| Assigned task |
Take the entries below and reproduce exactly the portion that begins at the line containing "Men's Have A" and ends at the line containing "Twice baked cheese", keeping both ends, dropping pictures, and adding nothing else.

| Data provided |

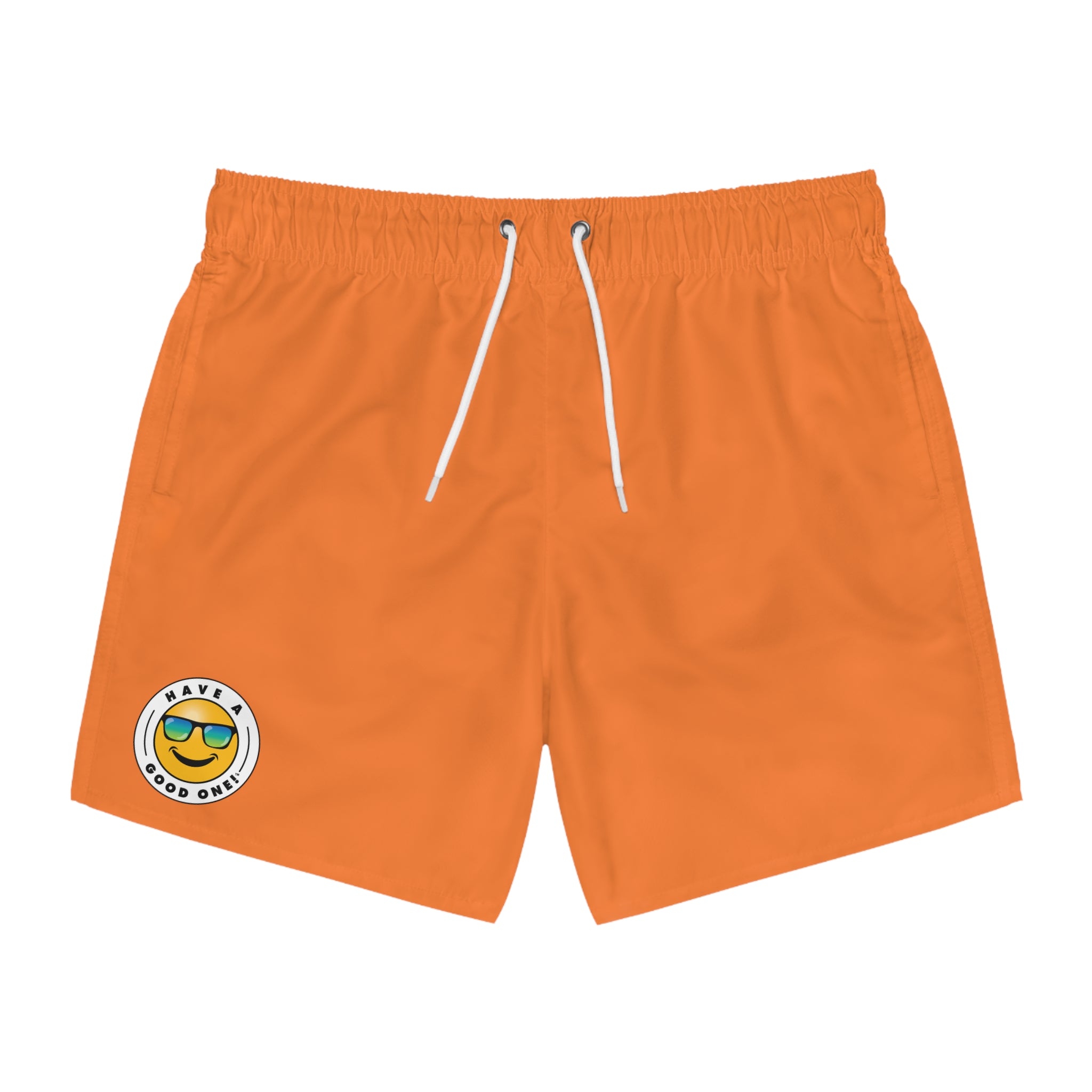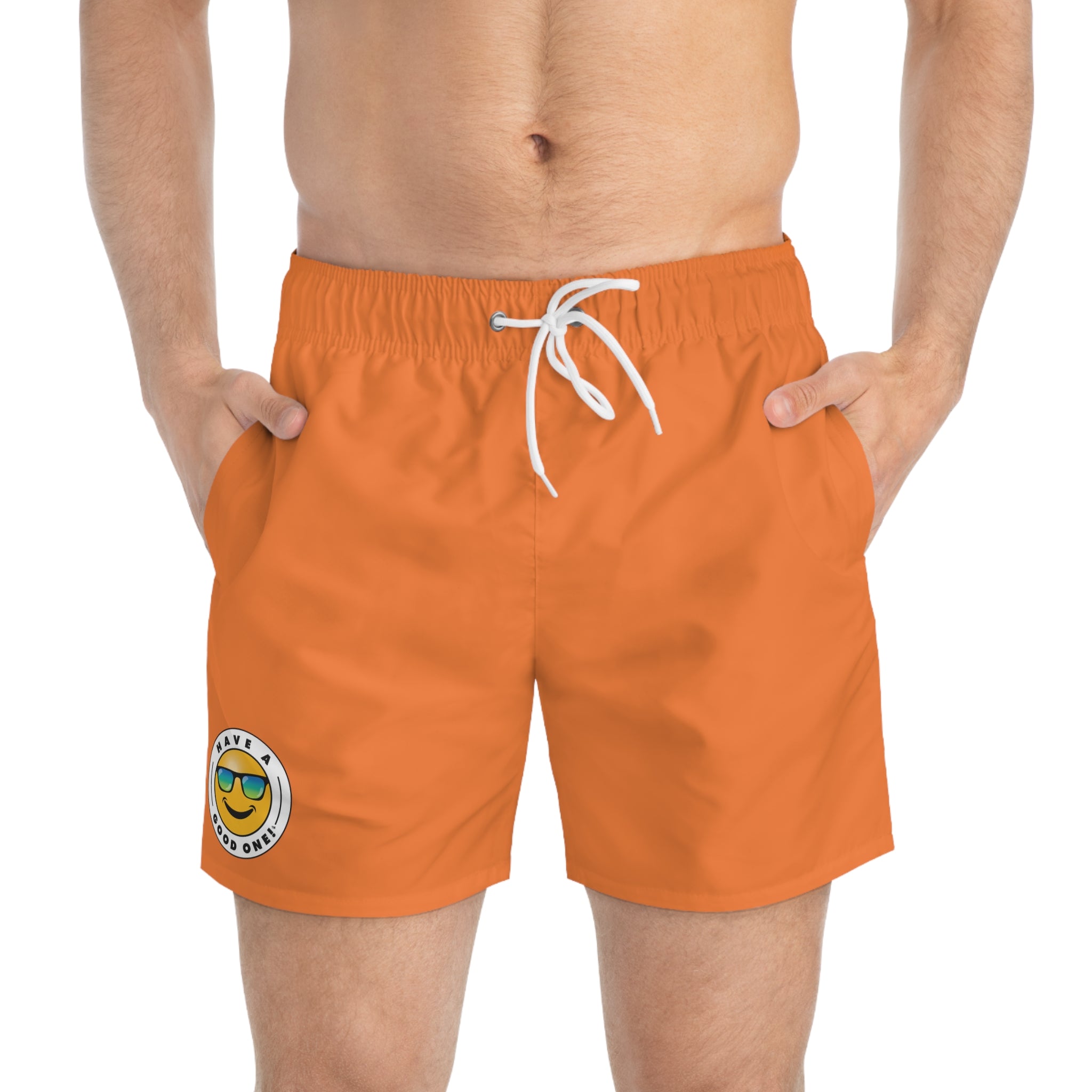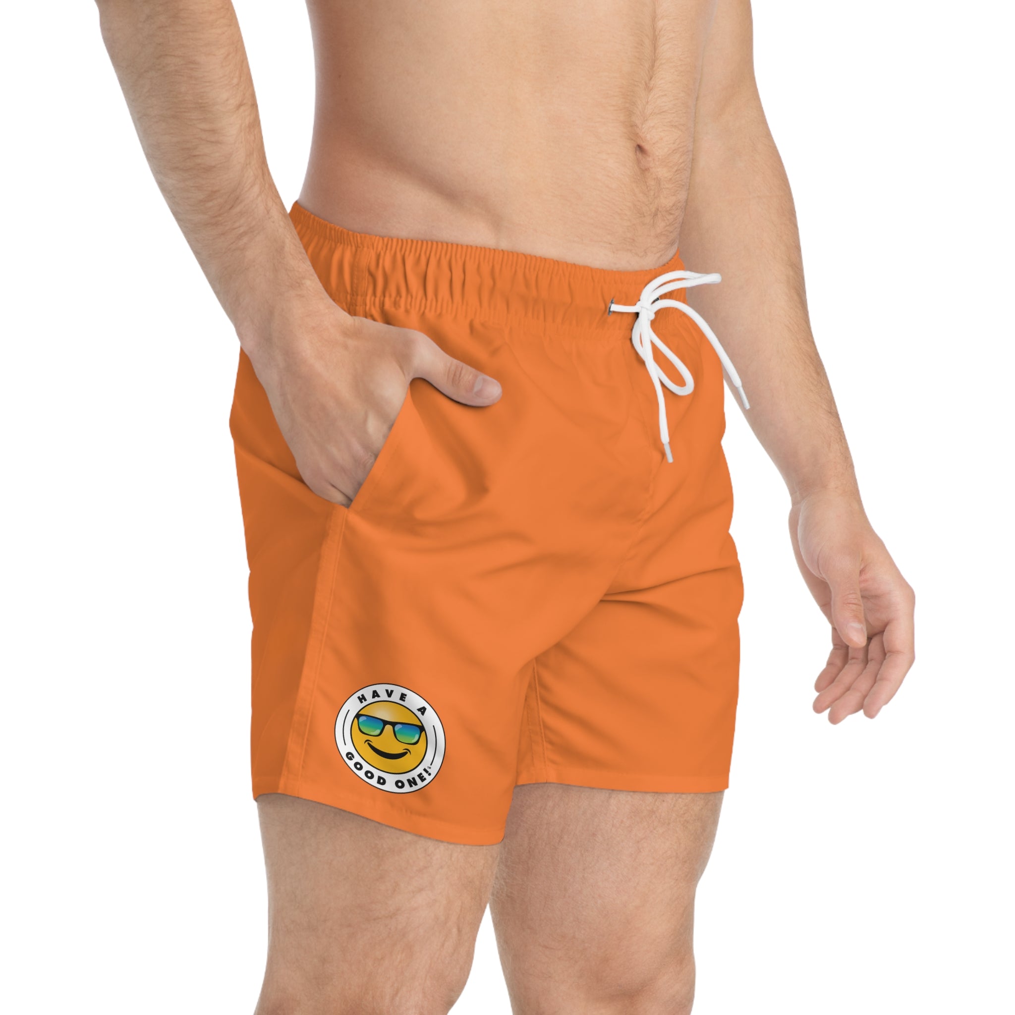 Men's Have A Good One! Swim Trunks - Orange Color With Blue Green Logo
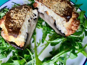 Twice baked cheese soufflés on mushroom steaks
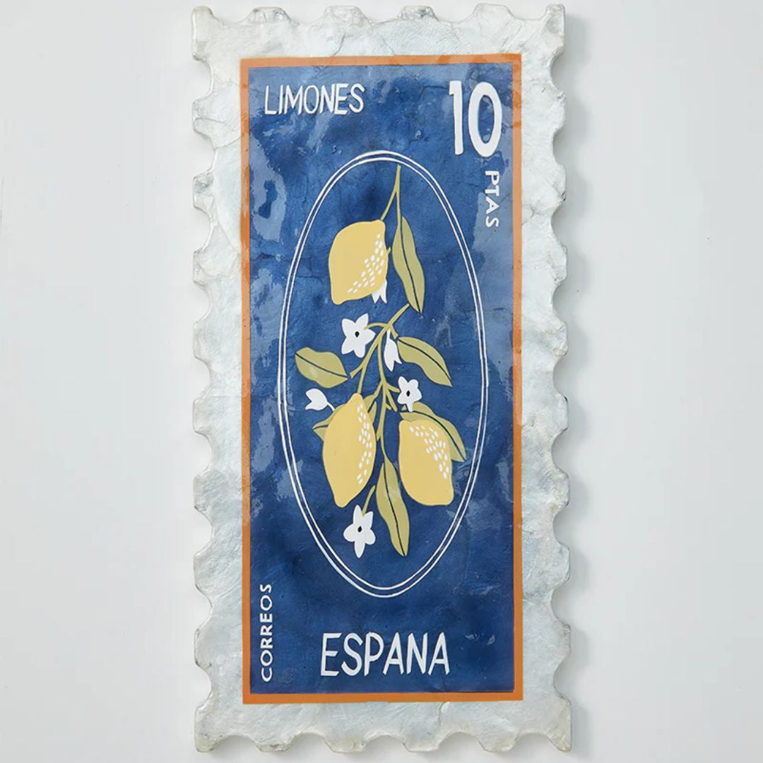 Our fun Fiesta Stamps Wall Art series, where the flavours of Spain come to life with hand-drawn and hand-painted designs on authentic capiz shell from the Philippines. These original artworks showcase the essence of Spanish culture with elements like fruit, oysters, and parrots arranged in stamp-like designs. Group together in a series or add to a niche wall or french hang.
* * *
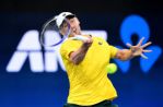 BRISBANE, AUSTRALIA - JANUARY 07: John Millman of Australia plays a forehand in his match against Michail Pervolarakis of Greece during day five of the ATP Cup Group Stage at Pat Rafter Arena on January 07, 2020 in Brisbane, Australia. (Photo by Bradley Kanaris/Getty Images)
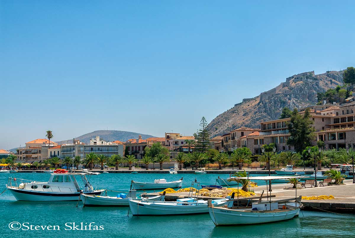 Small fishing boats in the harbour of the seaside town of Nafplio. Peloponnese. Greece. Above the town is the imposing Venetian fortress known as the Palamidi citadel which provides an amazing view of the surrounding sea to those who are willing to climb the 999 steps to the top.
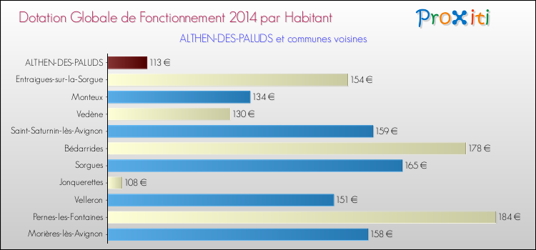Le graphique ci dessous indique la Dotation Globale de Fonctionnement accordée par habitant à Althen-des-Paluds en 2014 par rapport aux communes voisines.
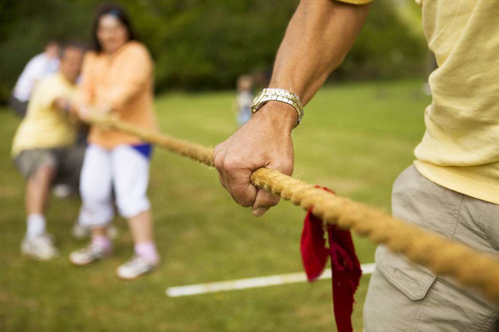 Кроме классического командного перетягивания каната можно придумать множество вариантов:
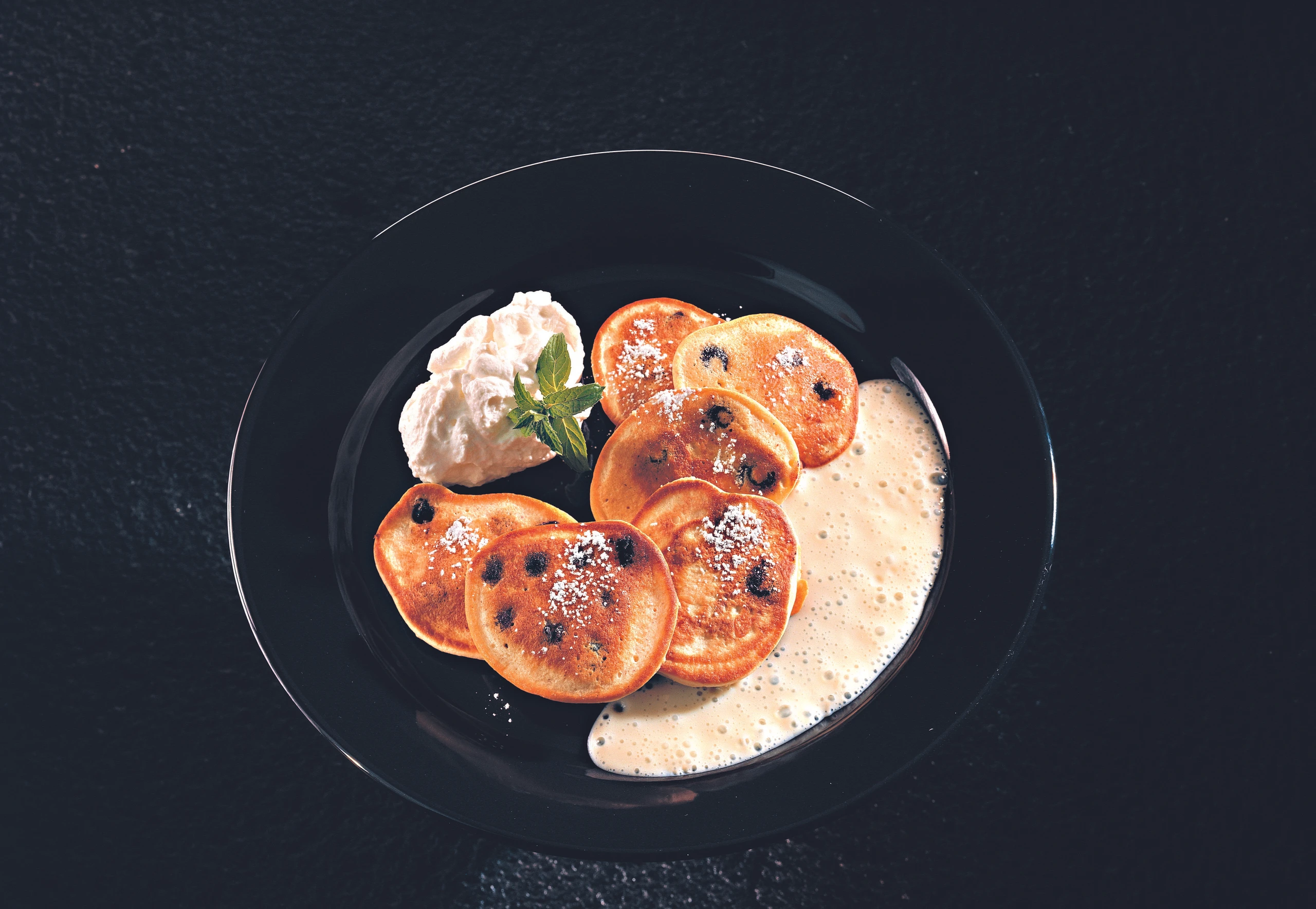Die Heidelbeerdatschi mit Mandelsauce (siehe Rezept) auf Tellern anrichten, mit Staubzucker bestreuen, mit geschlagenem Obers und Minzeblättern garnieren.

| Expected output |
 Men's Have A Good One! Swim Trunks - Orange Color With Blue Green Logo
 Twice baked cheese soufflés on mushroom steaks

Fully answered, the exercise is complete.